Sheila Contreras, Business Manager, and Fabiola Vasarri, Operations Manager at DNV Industrial Services explore how the Middle East conflict has caused an LNG boom in the US.
The global LNG market transformed almost overnight earlier in 2026 following widespread conflict across the Middle East, most pertinently in March when missiles struck Qatar’s Ras Laffan complex. Initially expected to be a short-term temporary outage, the disruption to one of the world’s largest LNG exporters quickly evolved into a global supply shortage with widespread ramifications for markets, businesses, and countries as a whole.
The damage caused has removed an anticipated 12.8 million tpy of capacity for up to five years and forced Qatar into widespread force majeure. Its output remains largely offline with reports in mid-May claiming the nation’s first LNG tanker exited the Strait of Hormuz since conflict began. The North Field East expansion project, a multibillion-dollar investment to double Qatar’s LNG production capacity, has been delayed too and pushed back to at least 2027. Until recently one of the dominant forces in global LNG, the crisis has reshaped the market and opened the door for new or existing players to take advantage of a sudden supply vacuum.
The market response was expectedly immediate with prices in Asia surging and European benchmarks hitting new highs, creating a newfound direct competition between the two continental markets both vying for the same cargoes.
With demand for LNG not subsiding, it is clear that there is space for a key player to meet supply obligations that others cannot. With a relatively settled domestic regulatory and infrastructure trajectory and an ability to supply both reliably and at pace, against a clearly unsettled global market environment, the US has stepped up. During the six months between approximately October 2025 to March 2026, the US exported over 61.63 million t. By mid-March they had shipped 378 cargoes compared to 308 in the year previous, a historic high. With new projects in the pipeline, including Plaquemines, Golden Pass, and Corpus Christi Stage 3, forecasts expect an export rise of 18.43 million t in 2026 – representing ~16.5% y/y growth.
While the American LNG sector scales, the complexity of its operations increases in tandem. In a market that is defined by higher prices, tighter supply, and geopolitical volatility and uncertainty, reliability, safety and high-performance are no longer negotiable.

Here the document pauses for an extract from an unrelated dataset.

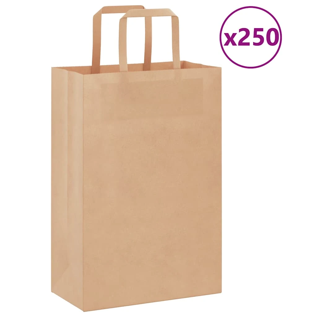vidaXL papīra maisiņi 250 gab. ar rokturiem, brūni, 21x11x31 cm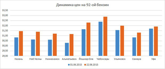 Последние дни июня ознаменовались ростом цен на бензин практически во всех городах Татарстана. Согласно последним данным, средняя цена на АИ-92 на сегодня составляет 31.73 рублей, что на 56 копеек больше, чем в начале текущего месяца.

Central to the key challenges now facing the US is, like so much of the energy sector, a lack of capacity which has the potential to stunt any further acceleration. With US export terminals already running at near capacity, the margin for any unplanned downtime has effectively disappeared with any outage now carrying a greater global price consequence – in addition to obvious operational difficulties. This also chimes with the need to ensure that existing infrastructure is maintained appropriately while the new facilities and expansions are integrated as smoothly as possible. Having gained competitive advantage, US operators must continue to seize opportunity.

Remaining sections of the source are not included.